The Arrival of the AI Agent

On March 20, 2026, Google updated its official list of web fetchers with a new entry that deserves our attention. It isn't another crawler designed to map the web, nor is it a training bot designed to feed a Large Language Model. It is called Google Agent.

To understand what this is, we have to distinguish it from Googlebot. Googlebot is the librarian; it moves through the web continuously, indexing pages so they can be found in search results. Google Agent, however, is more like a personal assistant. It only visits a website when a human specifically asks it to perform a task.

Imagine a user asking their AI assistant to research a specific product, compare pricing across three different stores, or even fill out a registration form. In these scenarios, Google Agent is the entity that actually lands on the page. It is the technical manifestation of a user's intent. We are already seeing this in action with Project Mariner, Google's experimental AI browsing tool, which serves as the first primary product utilizing this user agent.

This distinction is subtle but critical. One is an autonomous process of discovery (crawling), and the other is a targeted action on behalf of a person (agency). When the visitor is an agent, the goal isn't to "index" the page for the future, it's to "use" the page in the present.
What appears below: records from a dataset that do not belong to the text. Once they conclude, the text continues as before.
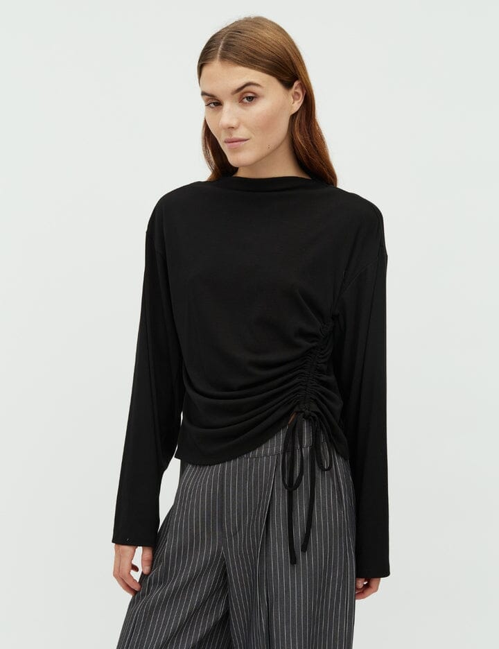 Haut noir de MbyM à manches longues et col montant. Le haut possède un lien à nouer sur le côté et des détails à volants.
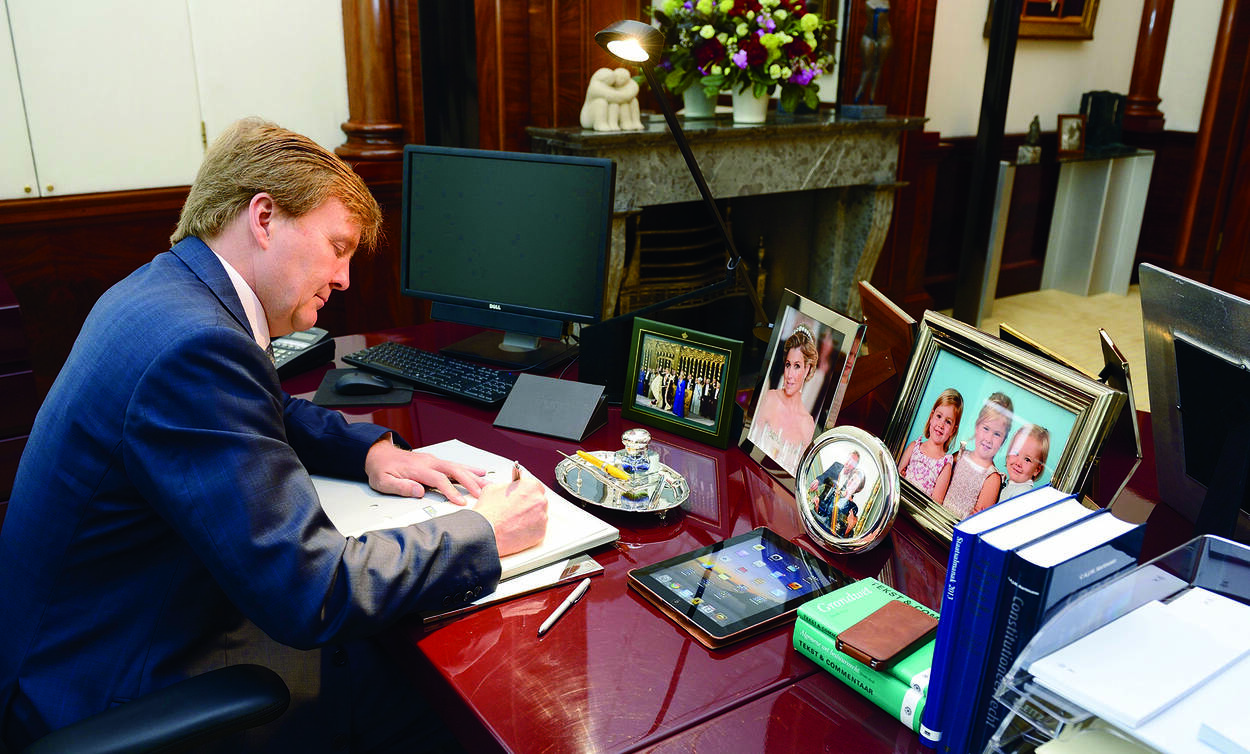 De Koning heeft geen plaatsvervanger en tekent alle wetten en besluiten zelf. Bij verblijf in het buitenland tekent de Koning daarom in spoedeisende gevallen de wetten en besluiten op zijn tablet. Dat gebeurde bijvoorbeeld op 2 november, toen de Koning de Wet tot wijziging van de Waterwet ondertekende tijdens het Staatsbezoek aan Australië. Eenmaal terug in Nederland ondertekende de Koning het origineel, zoals gebruikelijk, alsnog met de pen.
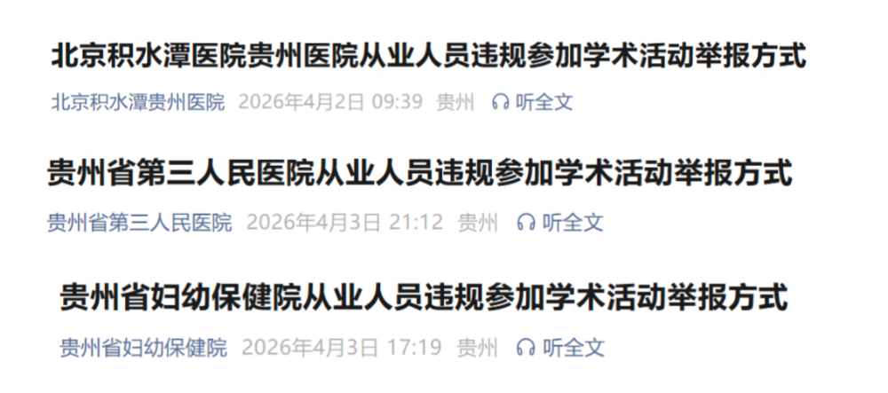 近期,贵州省多家医疗机构、卫健部门发布“医疗卫生机构从业人员违规参加学术活动举报方式”公告,规范医疗学术活动秩序。
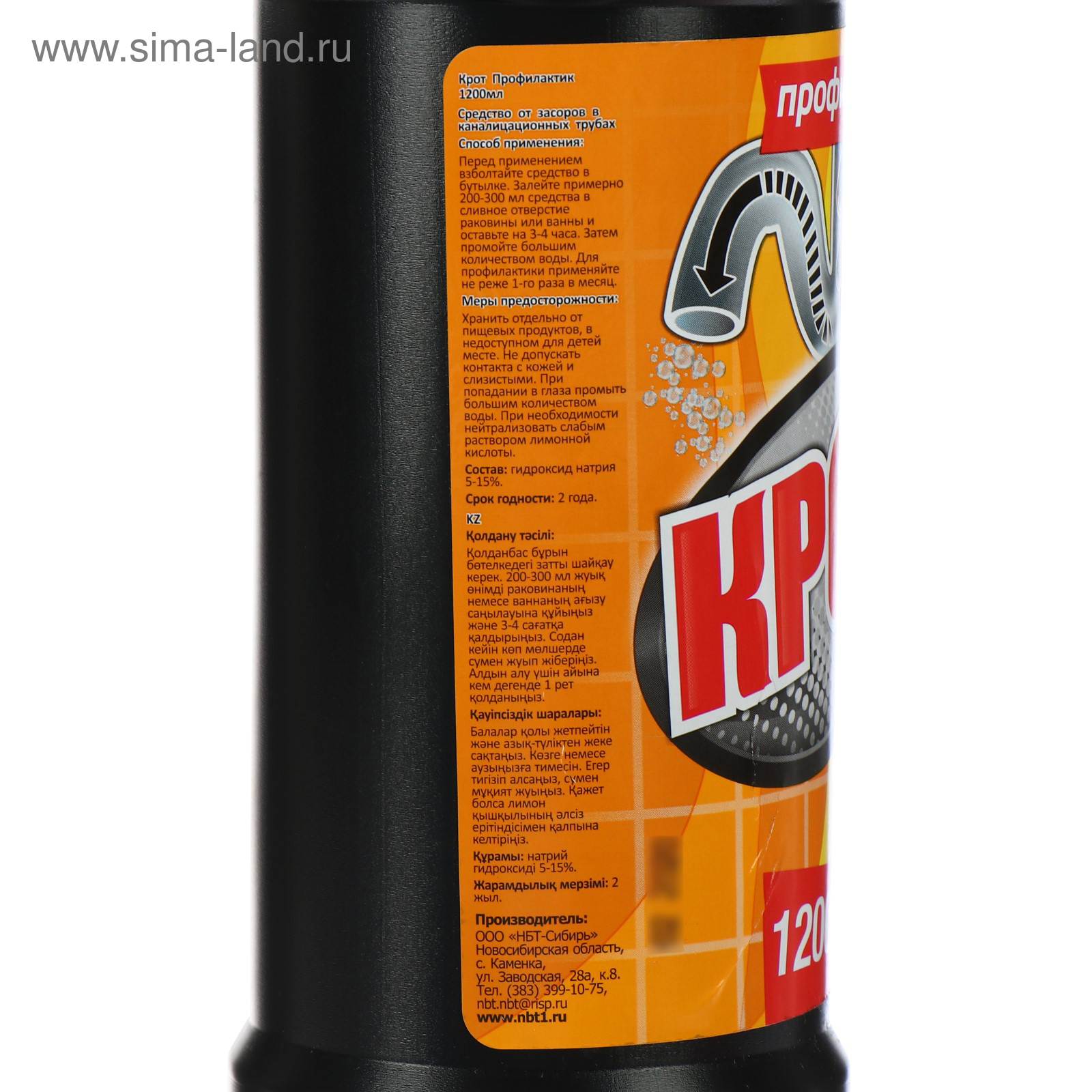 Средство от засоров в канализационных трубах "крот", 1200 мл. Средство для прочистки труб. Средство быстро проникает через засоры, пробивает пробки в стоках, удаляет неприятные запахи и растворяет различные отложения. Подходит для любого типа сливных труб, в том числе из пластика. Способ применения: взболтать. Залейте примерно 200-300 мл средства в сливное отверстие раковины или ванны и оставьте на 3-4 часа. Затем промойте большим количеством воды. Для профилактики применяйте не реже 1-го раза в месяц. Меры предосторожности: хранить отдельно от пищевых продуктов, в недоступном для детей месте. Не допускать контакта с кожей и слизистыми. При попадании в глаза промыть большим количеством воды. При необходимости нейтрализовать слабым раствором лимонной кислоты. Срок годности 2 года с даты изготовления. Состав: гидроксид натрия 5-15%. Вес, г/Объём, мл: 1200 Температурное ограничение: Нет  развернуть описание ▼

Why Robots.txt No Longer Applies

This is where things get complicated for those of us who rely on traditional access controls. For decades, robots.txt has been the standard way to tell bots, "You are not welcome here." However, Google has categorized Google Agent as a user triggered fetcher.

This category isn't new, it includes tools like Feedfetcher for RSS, NotebookLM for document analysis, and Google Read Aloud for text to speech. The common thread is that a human initiated the request. Google’s logic here is straightforward: if you type a URL into a browser like Chrome, the browser fetches the page regardless of what the robots.txt file says. Because Google Agent is acting as the user's proxy, Google believes it should operate under the same rules as a human browser.

Consequently, Google Agent generally ignores robots.txt directives. If you have blocked AI bots in your robots file, you might find that Google Agent is still visiting your pages because it views itself as a representative of a human user, not an autonomous crawler.

It is worth noting that Google is taking a different path here than other AI labs. For instance, OpenAI's ChatGPT User and Anthropic's Claude User also act as user triggered fetchers, but they generally respect robots.txt. If you block them, the AI will typically tell the user it cannot access the page. Google has made a different call, prioritizing the user's ability to access information via their agent over the site owner's robots.txt preferences.

For website owners, this creates a significant gap in control. If you have content that absolutely must be restricted from AI agents, you can no longer rely on a simple text file in your root directory. You will need to implement server side authentication or more strong access controls, the same kind of tools you would use to keep an unauthorized human visitor out of a private area of your site.

Cryptographic Identity and Web Bot Auth

While the user agent string is the visible part of this update, there is a deeper, more technical development happening in the background. Google is experimenting with a protocol called Web Bot Auth, using the identity https://agent.bot.goog.

To understand why this matters, we have to acknowledge a fundamental flaw in how the web works: user agent strings are easily spoofed. Anyone can tell their script to identify as "Googlebot" or "Google Agent" to bypass security filters. This has led to a constant arms race between scrapers and firewall administrators.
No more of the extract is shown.